# **Parameter Efficient Fine-Tuning**
In this hands-on tutorial, we will explore the concept of Parameter Efficient Fine-Tuning (PEFT) and learn how it can significantly improve the efficiency of fine-tuning training. PEFT involves training only a specific part of the model or an adapter, resulting in faster and more resource-efficient training.

To demonstrate the effectiveness of PEFT, we will use the same training scenario as the first hands-on tutorial of SpeLLM. By comparing the performance of PEFT with traditional fine-tuning techniques, we can gain insights into the benefits and trade-offs of using PEFT in different scenarios.

In [None]:
from pathlib import Path
import os
import datasets
from transformers import AutoTokenizer, AutoModelForSequenceClassification, AutoModelForCausalLM, AutoModelForSeq2SeqLM
from torch.utils.data import Dataset, DataLoader, IterableDataset
import torch
from tqdm.notebook import tqdm
import random
from utils import seed_everything
import re
from peft import LoraConfig, get_peft_model

DSDIR = Path(os.environ['DSDIR'])
os.environ['TOKENIZERS_PARALLELISM'] = 'false'
seed_everything(53)

## **Freezing Layers: RoBERTa on classification task**
In this section, we will explore the concept of freezing layers in the RoBERTa model for a classification task (first part of first SpeLLM hands-on). Freezing layers refers to the process of preventing certain layers of the model from being updated during training. This can be useful when we want to fine-tune only specific parts of the model or when we have limited computational resources.

In [None]:
# Initialize the model and its tokenizer
model = AutoModelForSequenceClassification.from_pretrained(
    DSDIR / "HuggingFace_Models/FacebookAI/roberta-base", num_labels=2
).to("cuda")
tokenizer = AutoTokenizer.from_pretrained(DSDIR / "HuggingFace_Models/FacebookAI/roberta-base")

In [None]:
# Load the dataset
imdb_dataset = datasets.load_from_disk(DSDIR / "HuggingFace/imdb/plain_text")

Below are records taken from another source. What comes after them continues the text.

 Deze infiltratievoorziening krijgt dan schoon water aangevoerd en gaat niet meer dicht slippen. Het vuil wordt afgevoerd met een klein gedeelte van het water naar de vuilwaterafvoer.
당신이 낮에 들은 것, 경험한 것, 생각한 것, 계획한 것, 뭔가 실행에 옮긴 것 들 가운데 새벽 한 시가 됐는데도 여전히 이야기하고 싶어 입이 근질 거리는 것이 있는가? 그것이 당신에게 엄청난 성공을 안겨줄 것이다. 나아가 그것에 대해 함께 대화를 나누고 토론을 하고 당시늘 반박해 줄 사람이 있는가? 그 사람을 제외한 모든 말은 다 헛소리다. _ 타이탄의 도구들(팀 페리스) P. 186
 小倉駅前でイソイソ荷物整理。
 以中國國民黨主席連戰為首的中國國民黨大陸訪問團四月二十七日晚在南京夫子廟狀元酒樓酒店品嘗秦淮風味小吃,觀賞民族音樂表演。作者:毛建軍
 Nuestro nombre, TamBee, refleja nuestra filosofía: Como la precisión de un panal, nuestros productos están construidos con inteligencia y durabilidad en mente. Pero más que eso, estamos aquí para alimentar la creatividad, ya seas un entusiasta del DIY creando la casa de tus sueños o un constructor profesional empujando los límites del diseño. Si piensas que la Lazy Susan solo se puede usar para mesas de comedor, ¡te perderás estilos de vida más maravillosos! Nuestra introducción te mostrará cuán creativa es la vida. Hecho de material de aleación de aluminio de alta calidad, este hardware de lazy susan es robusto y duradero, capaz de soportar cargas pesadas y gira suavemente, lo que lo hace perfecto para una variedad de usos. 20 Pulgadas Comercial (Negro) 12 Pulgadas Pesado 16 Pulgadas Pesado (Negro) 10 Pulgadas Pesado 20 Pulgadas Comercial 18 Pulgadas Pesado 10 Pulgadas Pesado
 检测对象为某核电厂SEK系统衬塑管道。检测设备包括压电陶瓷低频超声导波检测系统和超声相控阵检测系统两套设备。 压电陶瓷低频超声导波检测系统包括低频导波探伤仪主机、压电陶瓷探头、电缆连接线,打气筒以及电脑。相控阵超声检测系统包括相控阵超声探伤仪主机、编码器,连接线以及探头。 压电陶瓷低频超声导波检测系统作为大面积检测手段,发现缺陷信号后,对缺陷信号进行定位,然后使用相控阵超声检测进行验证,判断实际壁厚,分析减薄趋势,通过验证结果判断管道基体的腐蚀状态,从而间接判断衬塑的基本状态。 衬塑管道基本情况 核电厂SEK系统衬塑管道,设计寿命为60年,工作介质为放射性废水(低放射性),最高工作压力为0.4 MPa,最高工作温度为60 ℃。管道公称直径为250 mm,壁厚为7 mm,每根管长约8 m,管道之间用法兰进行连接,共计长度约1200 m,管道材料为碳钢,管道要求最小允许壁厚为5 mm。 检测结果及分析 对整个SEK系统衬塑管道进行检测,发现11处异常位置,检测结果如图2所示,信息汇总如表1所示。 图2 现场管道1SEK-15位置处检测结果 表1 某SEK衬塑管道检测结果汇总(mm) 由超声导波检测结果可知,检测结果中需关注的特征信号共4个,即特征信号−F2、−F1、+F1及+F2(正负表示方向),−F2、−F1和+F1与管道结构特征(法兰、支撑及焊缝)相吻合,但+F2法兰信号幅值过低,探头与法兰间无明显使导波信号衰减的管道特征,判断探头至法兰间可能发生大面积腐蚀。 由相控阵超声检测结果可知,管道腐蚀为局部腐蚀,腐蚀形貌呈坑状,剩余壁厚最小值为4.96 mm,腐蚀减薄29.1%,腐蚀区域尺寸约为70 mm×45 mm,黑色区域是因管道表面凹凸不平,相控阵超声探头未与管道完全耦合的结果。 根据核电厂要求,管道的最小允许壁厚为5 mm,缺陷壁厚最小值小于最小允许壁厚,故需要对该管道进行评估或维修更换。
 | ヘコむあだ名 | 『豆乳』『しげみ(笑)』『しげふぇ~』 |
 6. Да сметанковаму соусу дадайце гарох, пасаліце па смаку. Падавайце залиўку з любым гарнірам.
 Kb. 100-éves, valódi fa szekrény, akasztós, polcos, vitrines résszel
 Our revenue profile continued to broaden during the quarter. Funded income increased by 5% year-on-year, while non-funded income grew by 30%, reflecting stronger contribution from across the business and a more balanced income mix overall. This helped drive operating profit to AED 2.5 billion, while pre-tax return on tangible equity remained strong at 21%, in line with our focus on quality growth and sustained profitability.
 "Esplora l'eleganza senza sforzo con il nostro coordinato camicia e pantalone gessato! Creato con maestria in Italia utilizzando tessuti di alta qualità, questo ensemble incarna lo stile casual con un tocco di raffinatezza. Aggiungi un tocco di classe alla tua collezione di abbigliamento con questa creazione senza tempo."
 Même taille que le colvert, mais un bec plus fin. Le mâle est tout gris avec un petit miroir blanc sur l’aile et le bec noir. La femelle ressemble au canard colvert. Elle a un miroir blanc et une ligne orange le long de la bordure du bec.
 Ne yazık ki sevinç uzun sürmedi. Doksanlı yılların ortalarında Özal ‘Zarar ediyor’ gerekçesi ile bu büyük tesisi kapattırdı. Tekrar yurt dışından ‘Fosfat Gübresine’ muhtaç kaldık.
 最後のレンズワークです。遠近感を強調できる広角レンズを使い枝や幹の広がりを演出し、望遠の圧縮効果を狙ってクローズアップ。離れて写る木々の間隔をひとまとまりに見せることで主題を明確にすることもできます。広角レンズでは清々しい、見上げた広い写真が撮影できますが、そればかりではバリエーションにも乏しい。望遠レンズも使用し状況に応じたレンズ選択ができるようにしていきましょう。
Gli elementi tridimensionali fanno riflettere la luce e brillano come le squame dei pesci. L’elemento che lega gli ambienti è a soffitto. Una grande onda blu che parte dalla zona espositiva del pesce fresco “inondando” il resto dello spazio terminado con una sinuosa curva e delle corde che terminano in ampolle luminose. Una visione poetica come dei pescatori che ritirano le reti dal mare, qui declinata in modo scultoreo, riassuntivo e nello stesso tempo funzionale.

class IMDBDataset(Dataset):
    def __init__(self, hf_dataset):
        self.hf_dataset = hf_dataset
        
    def __len__(self) -> int:
        """Return the number of element of the dataset"""
        return len(self.hf_dataset)
    
    def __getitem__(self, idx) -> tuple[str, torch.Tensor]:
        """Return the input for the model and the label for the loss"""
        hf_element = self.hf_dataset[idx]
        
        model_inp = hf_element["text"]
        label = hf_element["label"]
        
        return model_inp, label

def collate_fn(batch):
    text_list = [element[0] for element in batch]
    label_list = [element[1] for element in batch]
    
    model_inp = tokenizer(
        text_list, return_tensors="pt", padding=True, truncation=True, max_length=512
    )
    label_tens = torch.LongTensor(label_list)
    return model_inp, label_tens

dataset = IMDBDataset(imdb_dataset["train"])
dataloader = DataLoader(
    dataset,
    batch_size=16,
    num_workers=4,
    prefetch_factor=2,
    shuffle=True,
    collate_fn=collate_fn
)

In [None]:
# Initialize training
criterion = torch.nn.CrossEntropyLoss()
optimizer = torch.optim.Adam(model.parameters(), lr=1e-5)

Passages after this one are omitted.